Contribution of SORL1 in human iPSC-derived neurons and astrocytes to Alzheimer’s disease pathogenesis

Abstract

Alzheimer’s disease (AD) is a progressive neurodegenerative disorder with heterogeneous etiology as suggested by genetic, neuropathological, and clinical evidence. Induced pluripotent stem cell (iPSC) technology can serve as a useful model system to study AD by providing an experimentally controlled system to analyze living human neurons and glia. By utilizing gene editing technology and generating iPSCs from individuals with diverse genetic backgrounds, we established a system to probe for molecular mechanisms underlying this heterogeneous disease. SORL1 is known as a neuronal sorting receptor, and it has been strongly implicated in the pathogenesis of AD through human genetic studies.

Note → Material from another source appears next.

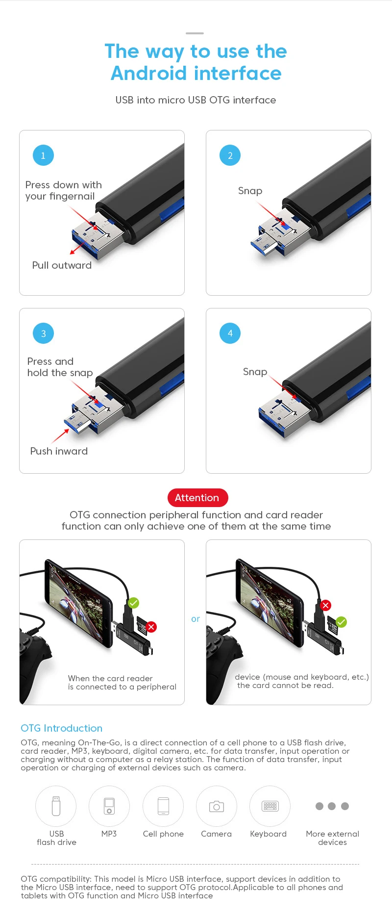 Comprar Lector de tarjetas 6 en 1 USB 3,0 tipo C a SD, adaptador Micro tarjeta de memoria TF SD para accesorios de ordenador portátil, unidad Flash OTG, lector de tarjetas inteligente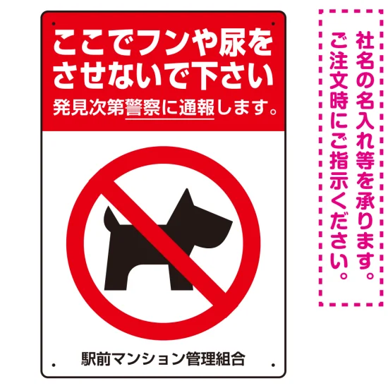 よくある質問:ペットの糞尿禁止 犬のシルエット付き強めのデザイン プレート看板 タテ型 450×300 エコユニボード (SP-SMD552T-45x30U)

To interrogate the potential role of SORL1 in human brain cells, we used CRISPR/Cas9 to generate SORL1 null iPSC lines followed by differentiation to neuron, astrocyte, microglia, and endothelial cell fates. Loss of SORL1 led to the greatest transcriptional profile change in neurons and astrocytes. In neurons, loss of SORL1 resulted in an elevation in Aβ and phospho-tau levels, and a reduction in APOE and CLU levels. Analyses of human iPSCs derived from a large cohort and single nucleus RNAseq of human postmortem brain further validated a neuron-specific relationship between APOE levels with SORL1. In astrocytes, loss of SORL1 resulted in elevated levels of cytokine secretion and enrichment of inflammation related pathways. Overall, we demonstrate that iPSCs can be a powerful system for identifying molecular pathways underlying AD and that SORL1 has a cell-type-specific role in neurons and astrocytes that could be relevant for AD pathogenesis.